O prazer de traduzir Maigret

Desde 1986, Paulo Neves dedica-se à tradução. Para a L&PM, já traduziu, entre outros, Sartre, Balzac, Stendhal, Rousseau e muitas histórias de Simenon vividas pelo famoso comissário Jules Maigret. No momento que acaba de entregar mais um Simenon inédito no Brasil, Uma confidência de Maigret (que ele considera um dos melhores que já traduziu), Paulo nos falou sobre Maigret, processo de tradução e sua carreira como escritor e poeta. Vale a pena ler essa entrevista e descobrir o que pensa e sente o responsável por fazer com que os livros de Simenon – e de tantos outros autores – sejam lidos em português. Aliás, em bom português.

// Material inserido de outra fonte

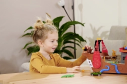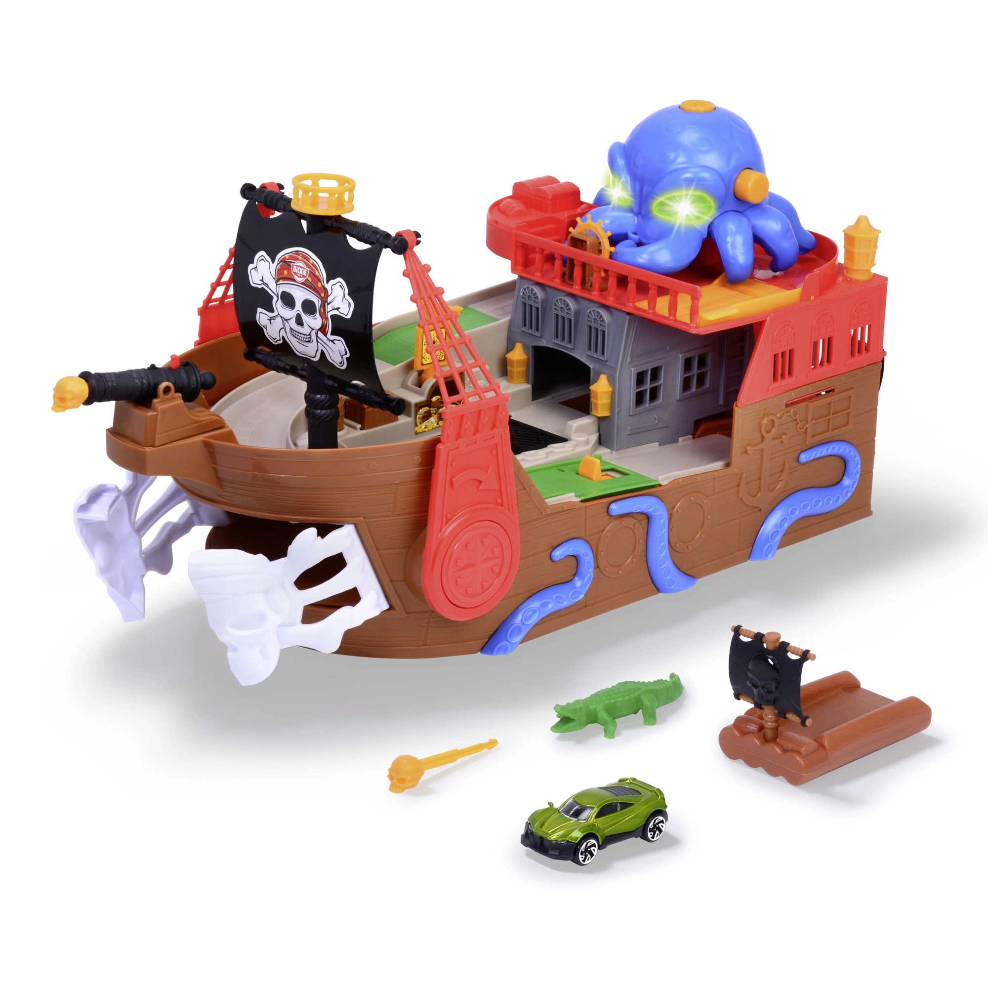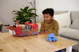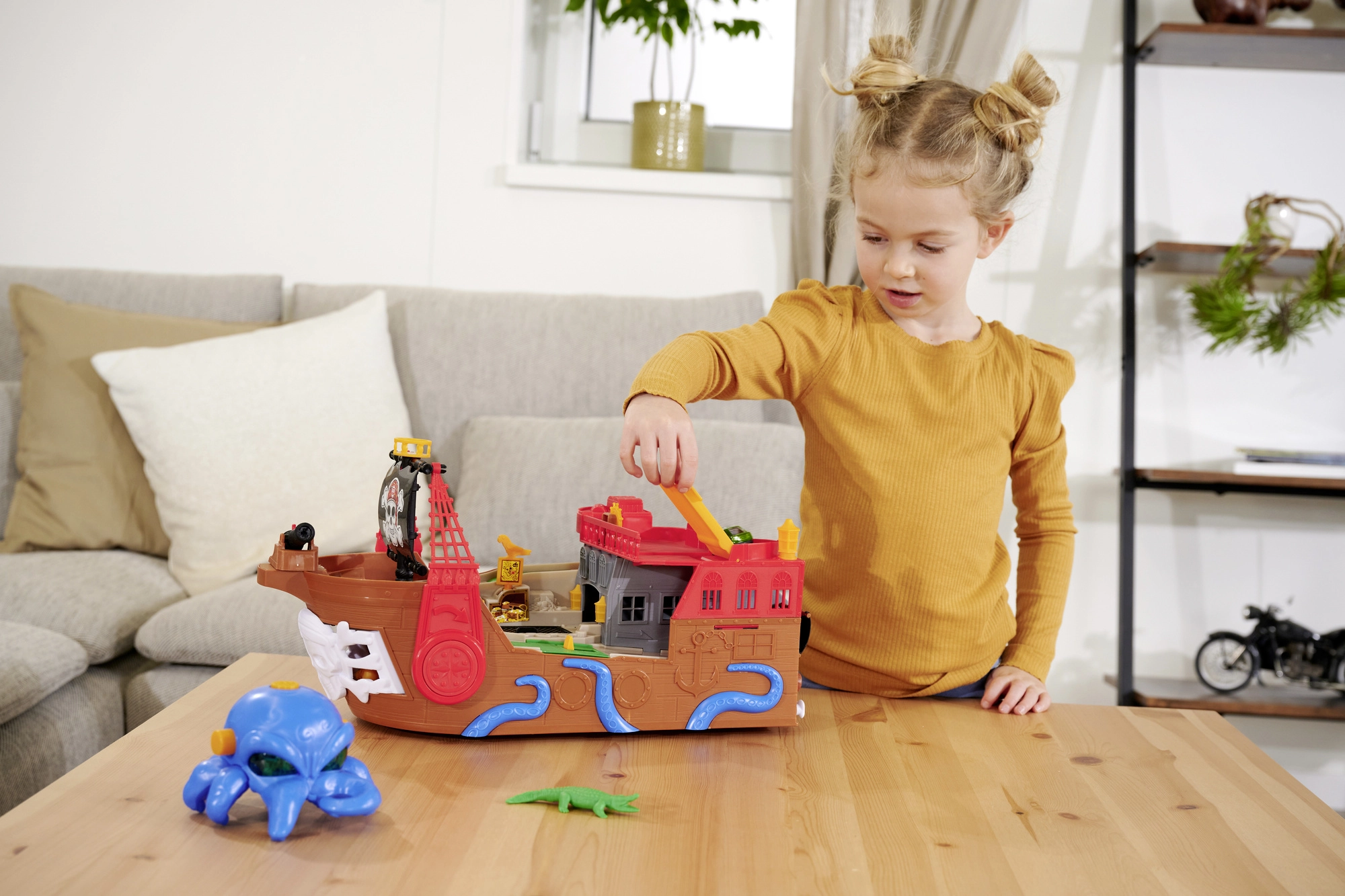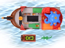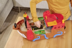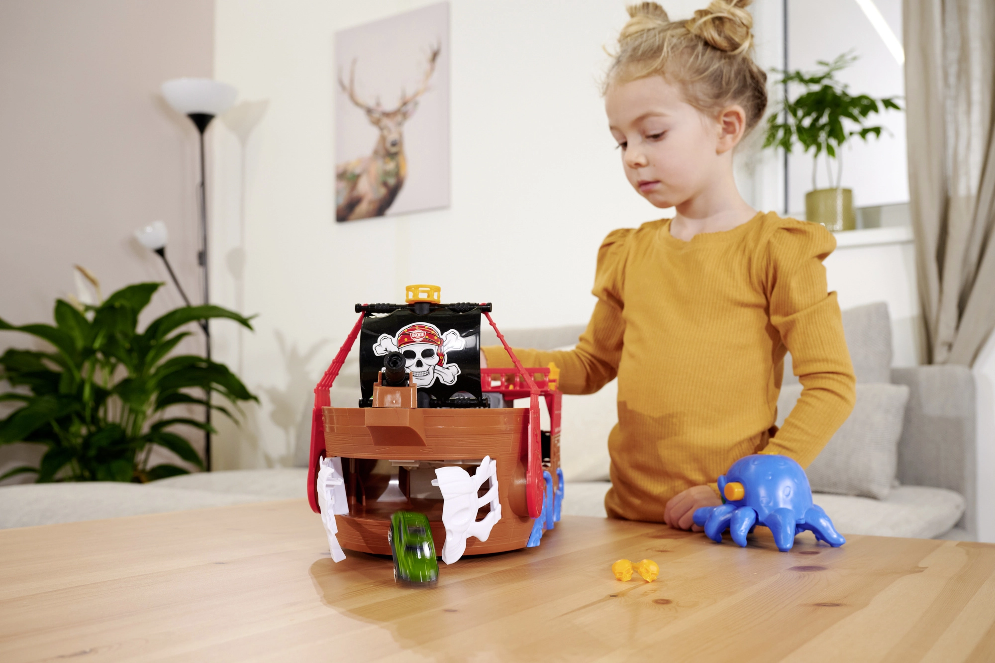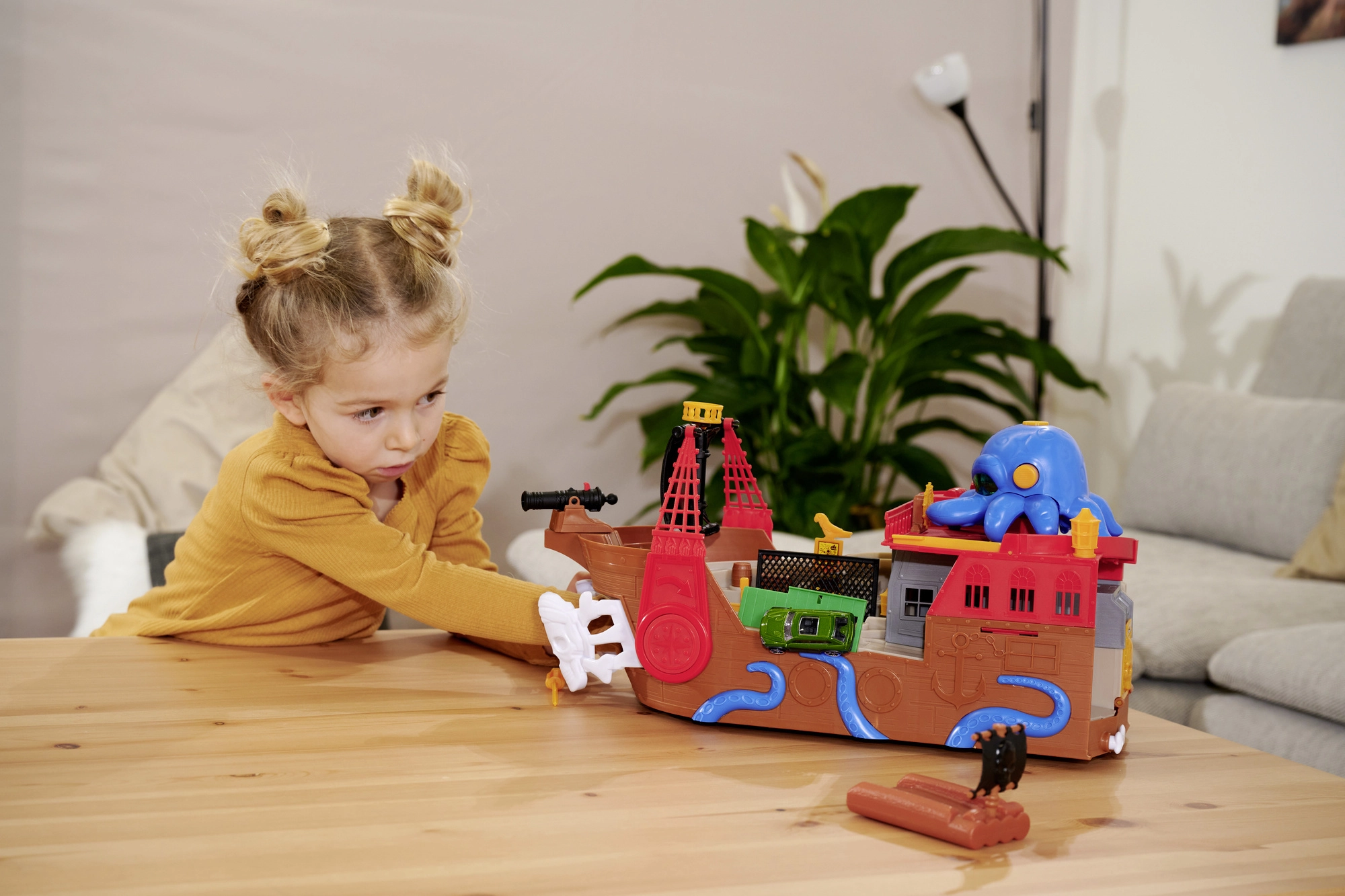 El pulpo desmontable con efectos de luz y sonido ilumina sus ojos y con sus tentáculos “atrapa” el coche u otras piezas, ideal para historias piratas dramáticas. El barco y la balsa flotan en el agua, por lo que son perfectos para la bañera, la piscina o la zona de chapoteo. Después del baño, la acción continúa en la alfombra gracias a las funciones interactivas y al deslizamiento fluido del coche.

L&PM: Você acaba de traduzir o seu 16º Maigret. Qual é a sua relação com as histórias do famoso comissário criado por Georges Simenon?

Paulo Neves: Desde que traduzi o primeiro em 2006, curiosamente Memórias de Maigret, passei a ter uma relação muito íntima com esse personagem. Não só porque gosto do gênero policial, das investigações de um Dupin, de um Sherlock Holmes, de um Hercule Poirot. O caso de Maigret é diferente: para ele importa menos decifrar do que compreender o crime, com todas as suas implicações sociais e psicológicas. Sua maneira de investigar, ao mesmo tempo metódica e compassiva, suas dúvidas, a consciência de suas limitações e a honestidade consigo mesmo, contêm algo de uma ética estoica. Simenon não muda muito o quadro de suas histórias: os lugares e os crimes se repetem, ele insiste nos hábitos, nos cachimbos de Maigret, mas isso de modo algum cansa o leitor, que aos poucos vai se impregnando do sentido mais profundo dessa rotina. Foi o que descobri também como tradutor, confrontado à linguagem despojada e aos diálogos curtos que Simenon utiliza para que as coisas fiquem, mais do que entendidas, subentendidas. Isso requer muita precisão narrativa.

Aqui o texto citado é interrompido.